The crowd on the platform was pressing in on him from all sides. The Braddock Road metro station was usually pretty empty - Alexandria catered mostly to well-paid government employees, who drove their expensive cars into the city every day, or took the metro at a more reasonable hour. But today it seemed like half the population of northern Virginia was dead- set on using that particular station. Of course, it didn't help that the train was over an hour late.

Mulder gritted his teeth and stood his ground against the sea of jostling bodies, telling himself that today would *not* be the day he'd be shoved onto the subway rails and electrocuted. Someday, maybe, it might be fun to try that, especially if he had to ask too many more kindly old ladies if their sweet neighbor boy had ever smoked pot; but not today.

At virtually the same instant, the lights at the edge of the platform began to blink, indicating the train was almost to the station; the crowd cheered; and two shots rang out from the upper platform near the turnstiles. It sounded a lot louder than a normal gunshot in the reverberating underground acoustics.

There was a moment of utter silence, a man's voice yelling something, and then complete pandemonium.
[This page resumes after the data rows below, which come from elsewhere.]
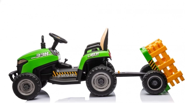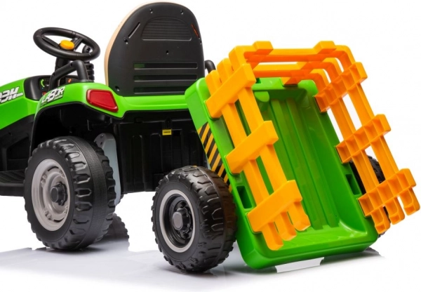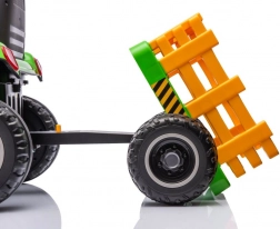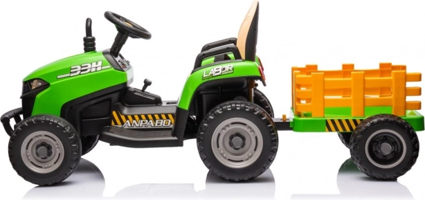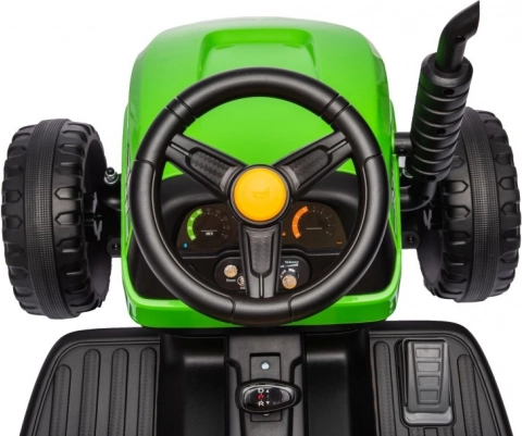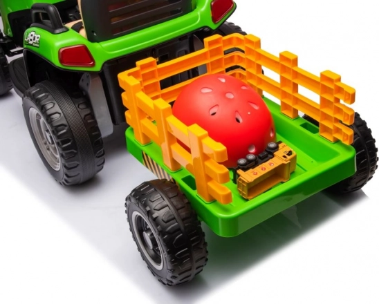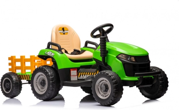 Zábavný a odolný elektrický detský traktor v zelenej farbe s odpojiteľným prívesom na prevážanie hračiek. Ponúka realistické riadenie, veľké kolesá na jazdu vonku a pohodlné sedadlo. Ideálny na aktívne hranie na záhrade aj dvore, podporuje fantáziu a motoriku. Vďaka stabilnej konštrukcii a jednoduchému ovládaniu je skvelou voľbou pre prvé „šoférske“ zážitky. Realistické detaily, robustné prevedenie a zábava na dlhé hodiny.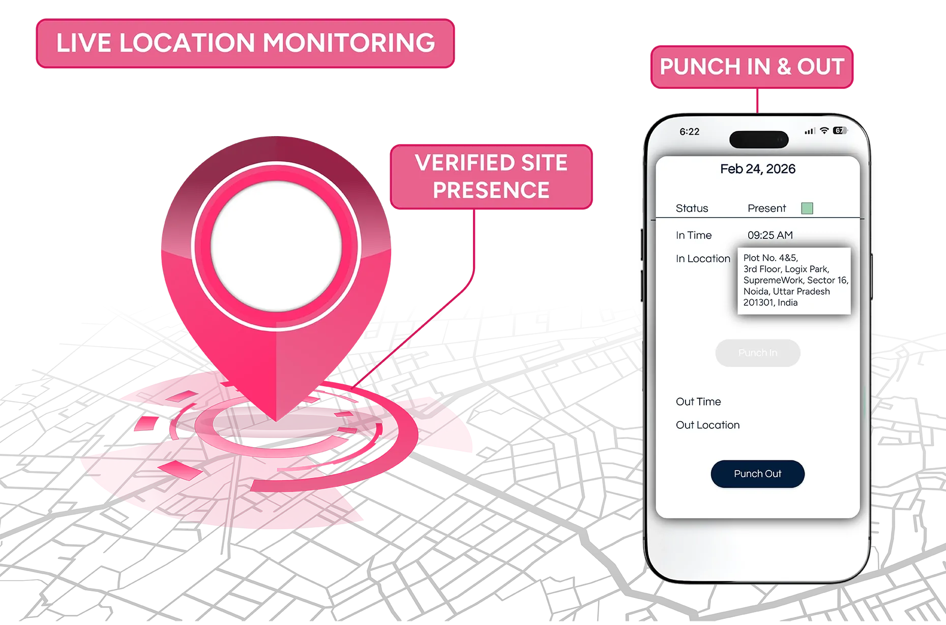 - Verified Site Presence : The geo attendance app facilitates location based validation to ensure the presence of employees at their assigned operational sites when work is done.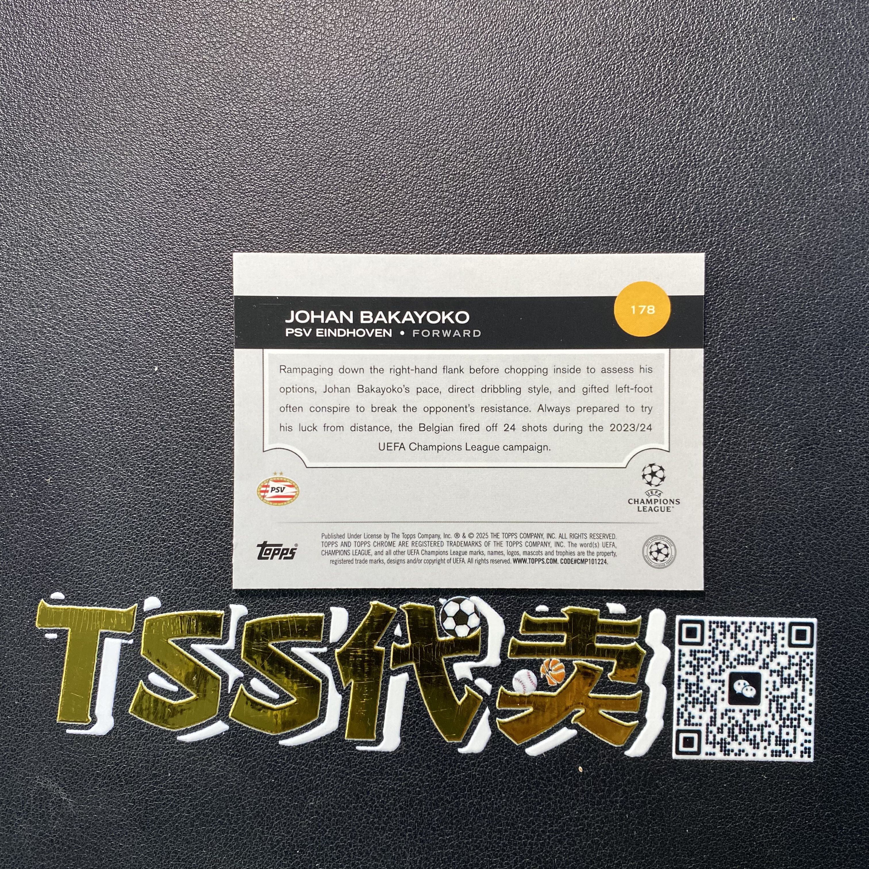 2025 TOPPS Chrome Johan Bakayoko 【TSS代卖-预付80%】 欧冠 TC 日本限定 埃因霍温 约翰 巴卡约科 青熔岩折 199编 JH4651 ZK56-陳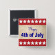 Este botón cuadrado presenta un fondo de papel antiguo, una franja roja con estrellas blancas en la parte superior e inferior y el texto de personalizable que dice: Feliz 4 de julio.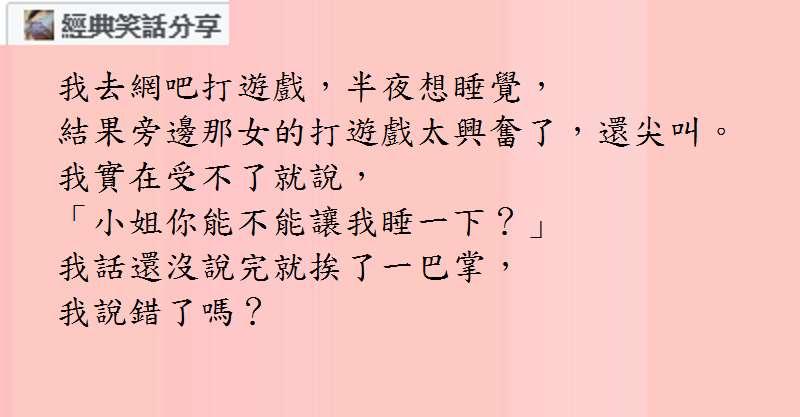 老公回答:「怎沒有?你白天的時候『說我無趣』,晚上的時候『笑我無能』,不也是有說有笑嗎?」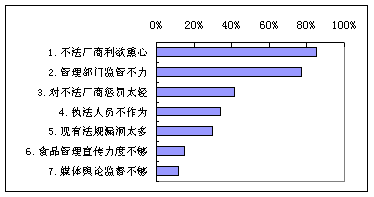 调查显示,市民认为造成目前食品问题频出的根本原因是:不法厂商利欲熏心(占84.9%),管理部门监管不力(占77.1%),对不法厂商惩罚太轻(41.3%),执法人员不作为(占33.9%),现有法规漏洞太多(占29.8%),食品管理宣传力度不够(占14.7%),媒体舆论监督不够(占11.5%)(见下图)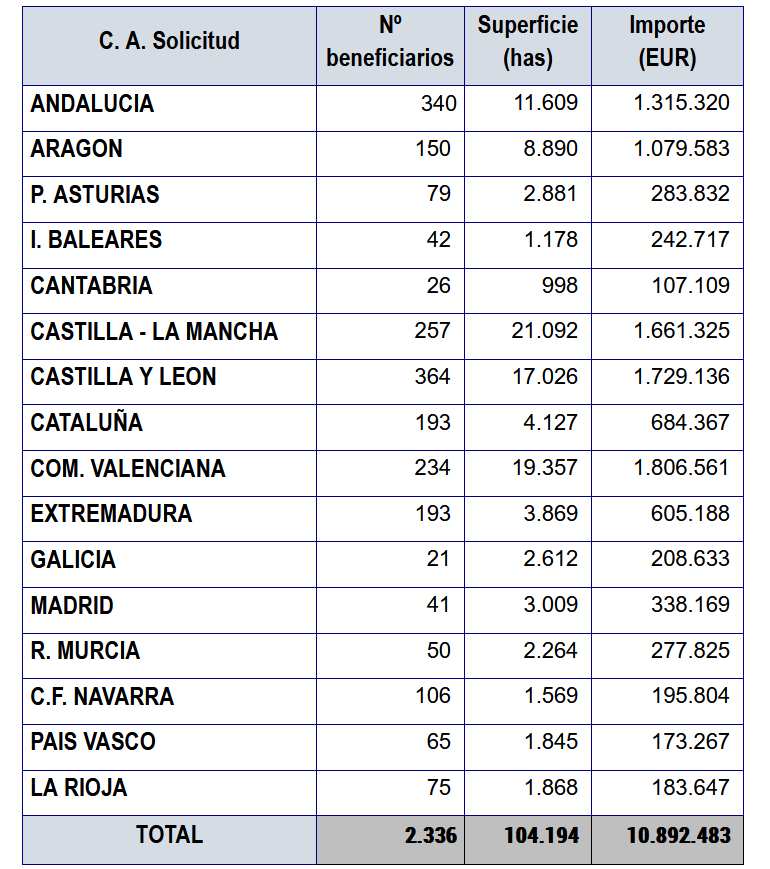 En el año 2024, un total de 310 agricultores accedieron a la reserva nacional por el primer supuesto, y recibieron una ayuda media de 1.858 euros. Por su parte, los cuatro responsables de explotación que participaron en programas de reestructuración percibieron una ayuda media de 669 euros.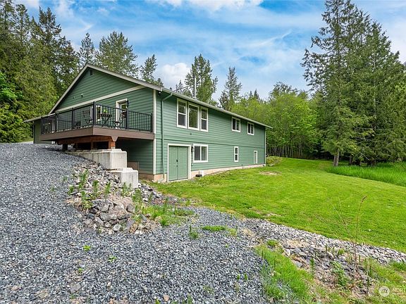 A classic NW contemporary rambler in an idyllic natural setting on 5 private acres includes it all for modern country living w/ the convenience of being just 10 mins to town. A gorgeous chef's kitchen embodies the heart of this home w/ high-end Thermador fridge, butler pantry & cast iron wood stove. 3 generously sized bedrooms, remodeled primary suite & laundry all on the main. Extensive recent improvements ensure the home is structurally sound & well maintained for many years to come w/ new deck, hardie siding, trim, perimeter drainage & encapsulated crawl space. Heated shop on lower level w/ exterior access, rubber flooring & stainless workbench. Garage equipped w/ 50 amp, 220 plug 60 amp circuits & wired for generator. Pre-inspected.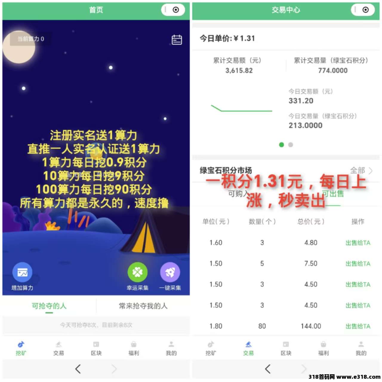 首码刚出最新撸绿宝石积分项目,速度上车占位吃肉了,不能错过

Mulder fought his way to the escalator and rode it impatiently to the upper level, wedged between a large woman in a bright flowered dress who was weeping hysterically and fanning herself, and a dark-skinned man in a sweatsuit who seemed to be all elbows. Once at the top, he breathed a sigh of relief and moved out of the way quickly to avoid being shoved.

The platform was empty in a wide circle around the gunman and the crumpled female body at the base of one of the turnstiles. Passengers walked carefully around the edges, warily eyeing the scene as they made their way quickly back to the surface, in marked contrast to the chaos that still reigned downstairs. The man was breathing heavily, pointing his weapon at the two security guards who stood with their hands above their heads just outside the entrance to the information booth.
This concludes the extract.